3月17日付の英紙『テレグラフ』(電子版)によると、BPが北海で保有する「フォーティーズ・パイプライン・システム」の権益をスイスの化学会社であるイネオスに売却する交渉を行っているという。フォーティーズ油送管(全長約178キロメートル)は、国際指標原油の北海ブレント原油を輸送している。北海にある無人の沖合ターミナルと、スコットランド・アバディーン近くのクルーデン・ベイの陸上ターミナルを経由し、BPのキンネイル基地に原油を輸送する。この基地は、イネオスが操業するグランジマウス製油所(精製能力は日量21万バレル)に近接する。
他方、HESインターナショナル(本社:ロッテルダム)は3月21日、オランダのマースフラクテの近くに輸送用石油燃料やバイオ燃料の貯蔵用タンクのターミナル建設をBPから受注したと発表した。このターミナルとBPが運営するロッテルダム製油所(精製能力は日量40万バレル)とを結ぶパイラインも建設する。27ヘクタールの敷地にタンク52基(貯蔵能力は130万立方メートル)を設置する計画としている。

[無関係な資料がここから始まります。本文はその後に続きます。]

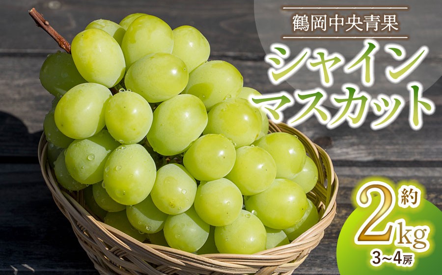 【令和8年産先行予約】 シャインマスカット 2kg(3~4房) 山形県鶴岡市 鶴岡中央青果 | ぶどう ブドウ 葡萄 果物 くだもの フルーツ 2キロ 大粒 種なし 皮ごと 旬 期間限定 2026年産 人気 美味しい お取り寄せ 返礼品
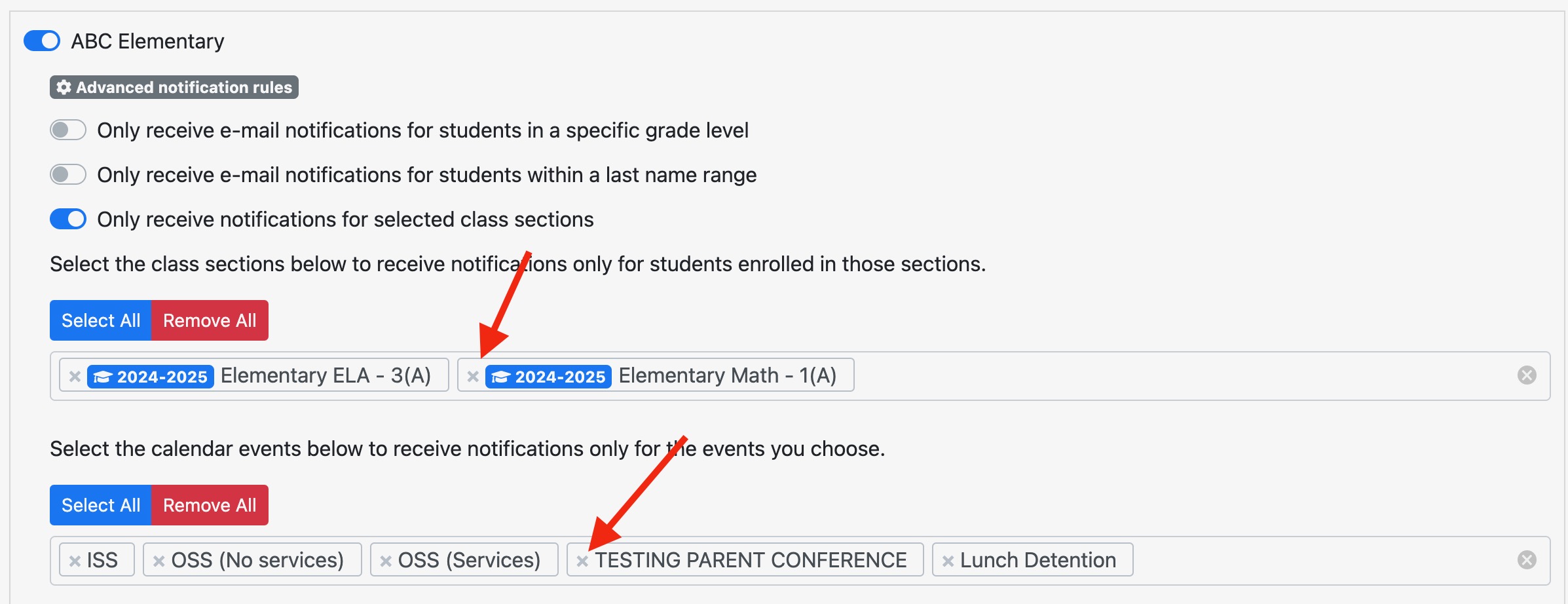 Filters based on grade level or last name range take priority over course section preferences. For example, if a user chooses to receive notifications for the English course but sets their preferences to only receive emails for students with last names beginning with S–Z, they will only receive notifications for John Smith—not Jane Doe—even though both students are enrolled in the same course. Jane Doe would be excluded because her last name falls outside the specified range.
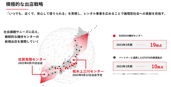 また、今期中にパートナーと連携した足場レンタルサービス「ASNOVA STATION」も含め、合計29拠点で足場をレンタルできる環境を整えたいと考えております。
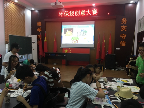 7月11日下午,太阳成集团tyc33455ccwww“食品安全在路上”实践队协同温州市鹿城区横河社区办事处在横河社区道德讲堂举办了“环保袋创意大赛”。
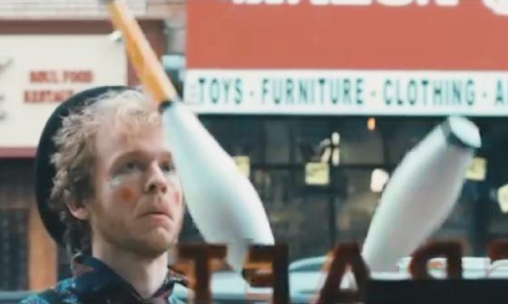 At 41:56, Mia gazes out the window and sees a street performer, played by Kevin Percival, juggling 3 clubs, seen for 13 seconds.
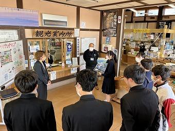 1月に9年生が制作したEマウンテンバイクツアーのPRポスターを道の駅すずなりに配布しに行きました。卒業式ぶりに9年生が顔を揃え、最後の活動となりました。代表で篠川がポスターの紹介をして、すずなりの方にお願いの挨拶を行いました。ポスターは快く受け取っていただき、これからすずなりにも掲示されることになります。

BPはまた、米クリーン・エナジー・フューエルズ(CEF)の再生可能天然ガス(バイオメタン)事業の上流部門を買収する。CEFのニュースリリースによると、同社の下流部門は売却対象でないとしている。有機廃棄物から製造されるCEFのバイオメタンは、大型トラックなどの車両に供給される。BPは今後、CEFの所有するバイオメタン製造施設に1億5,500万ドルを投資する予定だ。

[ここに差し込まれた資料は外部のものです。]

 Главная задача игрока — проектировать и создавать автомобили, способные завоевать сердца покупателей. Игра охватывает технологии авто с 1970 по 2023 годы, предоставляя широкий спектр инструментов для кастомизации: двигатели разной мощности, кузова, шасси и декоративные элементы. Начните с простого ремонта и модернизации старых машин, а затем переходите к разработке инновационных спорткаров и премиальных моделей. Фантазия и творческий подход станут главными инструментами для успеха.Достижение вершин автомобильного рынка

このほか、BPはニュージーランド・リファイナリー・カンパニー・リミテッド(NRCL)の株式約20%のうち、10%を5,620万ドルで売却した。NRCLによると、BPの売却先は公表しなかったものの、残り株式の約10%をBPが引き続き保有するという。NRCLは、ニュージーランドで唯一のマースデンポイント製油所(精製能力は日量9万6,000バレル)を運営する。

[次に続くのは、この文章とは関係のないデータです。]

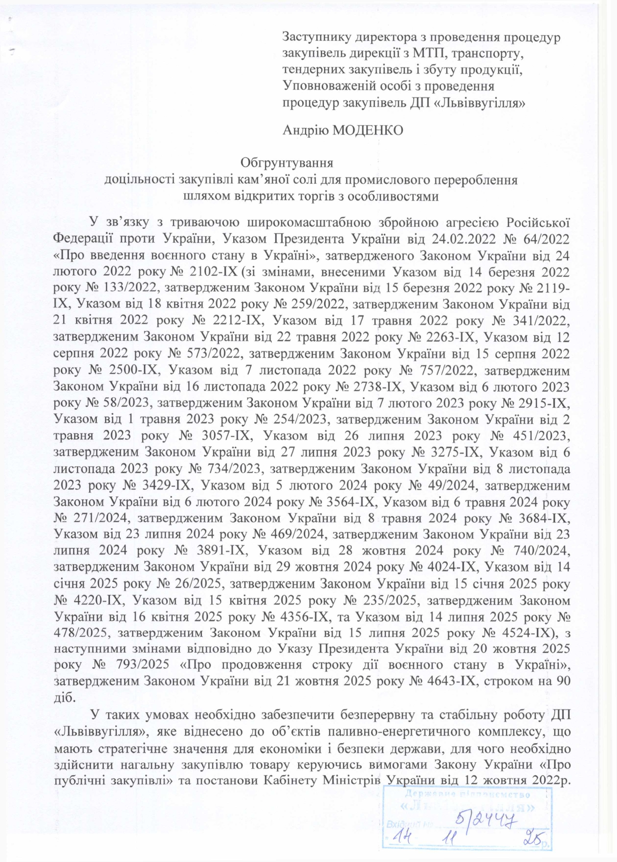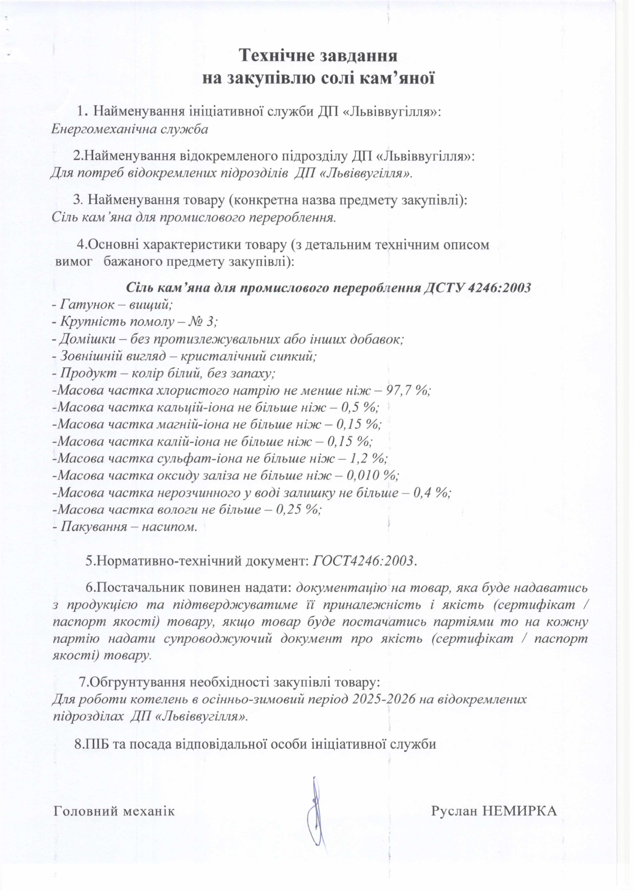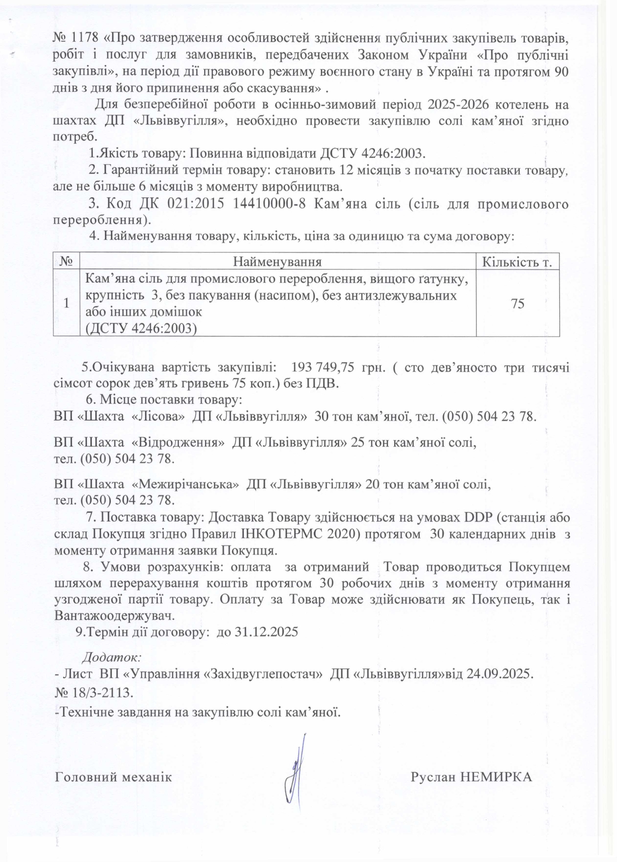 ДП «Львіввугілля» оголосило конкурентної процедуру закупівлі.

ところで、BPは2月末、2021年までの事業計画を発表。2014年との比較で石油精製や石油化学の製造部門で25億ドル、販売部門で30億ドルの収益拡大を目指す。一方、上流部門では、2017年に7つのプロジェクト、18年から21年の間に現在開発中の9つのプロジェクトが操業する見通しだ。原油の損益分岐水準を1バレル35~40ドルと設定している。